Living on the road my friend,
Was gonna keep you free and clean
And now you wear your skin like iron,
And your breath as hard as kerosene
-“Pancho and Lefty”
But then again, everybody warned me writing would be a hard road. Yet I persisted, like some kind of lunatic cat attacking a scratching post. So what the fuck did I expect, right?
Last night I stood by a table for 4 hours in attempt to sell copies of my novel The Firebug of Balrog County and handing out free bookmarks. I don’t mind talking to people, but selling something as personally meaningful as Firebug, much less anything at all, tends to make me a little queasy, even after a decade of practice. I started out the night feeling proud and cocky, wondering aloud to my buddy how many of the authors gathered at the event were published by mainstream presses (as if it really fucking mattered, right?) and ended the long night with a grand tally of three books sold. Ah, the swift reality check that is trying to sell your work to the public! No matter how many great blurbs and reviews it may have garnered! No matter how cool you think the cover is!

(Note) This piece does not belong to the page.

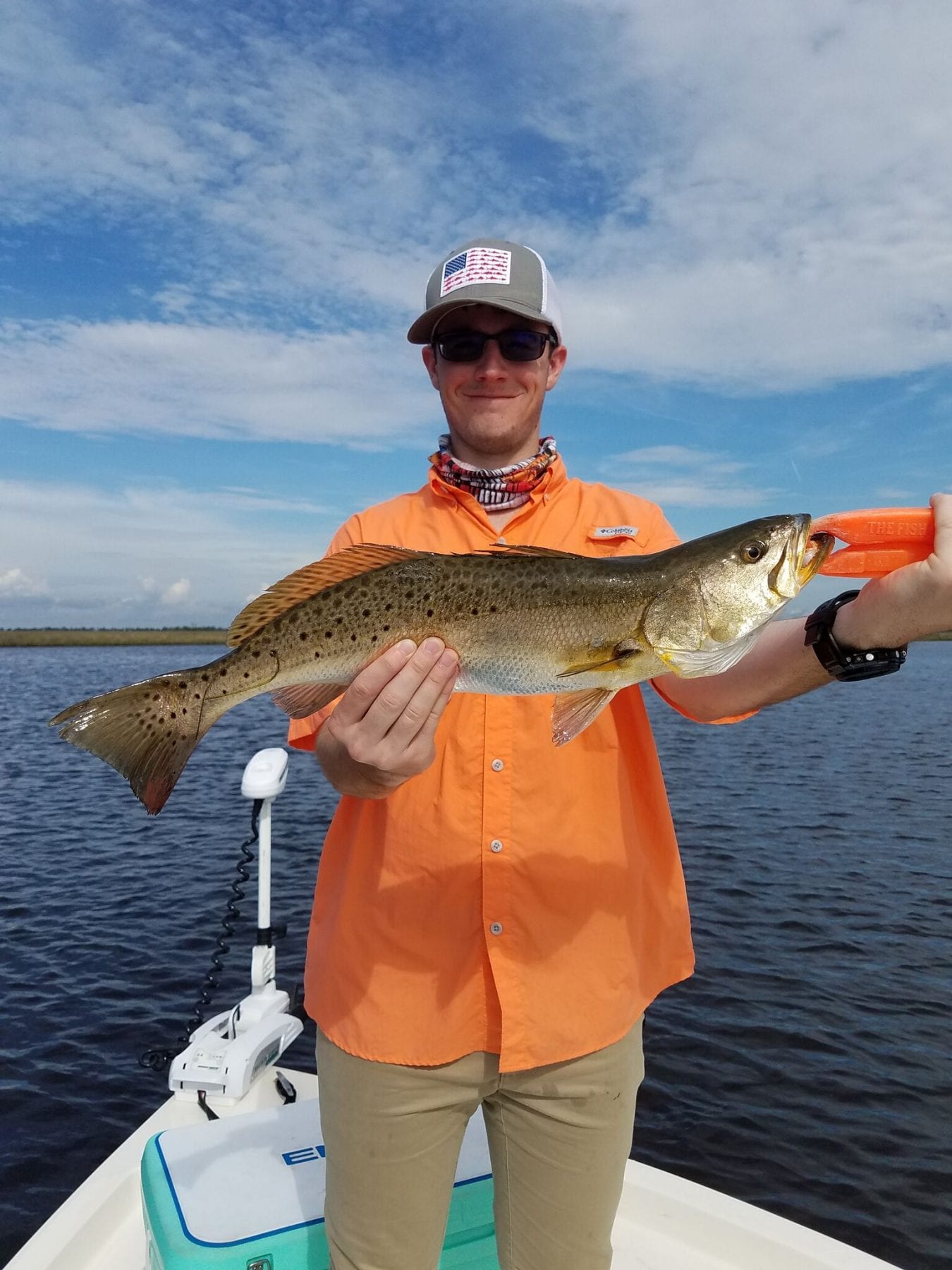 Pic #1- Colby Ackerman caught this nice 23″ 3.48lb trout on a bone One-Knocker Spook near St.Marks Lighthouse.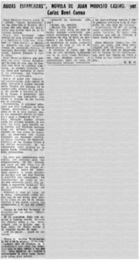 Aguas estancadas", novela por Juan Modesto Castro [artículo] / Carlos René Correa. El Diario Ilustrado (Santiago, Chile)-- jun. 2, 1940, p. 4. .

I often tell beginning writers that they better love editing as much as the initial process of writing or otherwise they’ll be bound to burn out long before the process of polishing their work is complete, not to mention the process of becoming a good writer. So does it follow that if you want to be a published author who makes a decent income (through product sales) that you must love promoting your work (and thus yourself) as well?
By necessity, a novelist spends a lot of time alone and withdrawn from the world. Even the ones who write in a coffee shop, surrounded by keyboard clacking and the ritualistic banging of espresso machines, are still very much alone in their inward process. Either by natural inclination or through the learned habit of repetition, a novelist embraces the solitary side of their nature, which, you’d think, would cause you to drift further and further from the more extroverted traits a good salesperson calls upon.
(Is it just me or do the authors who are very slick, with shiny hair and gleaming lupine smiles, often write forgettable schlock? Is there some kind of correlation between how good you are at sales and the level of authenticity in your work on the page? Does the blunt relentless self-assessment that aids good writing detract somehow from your sales ability? Or is this just my own bias speaking? My own jealously at how slick and best selling these writers tend to be? Probably. Though I think there’ some kind of kernel of truth here, nevertheless.)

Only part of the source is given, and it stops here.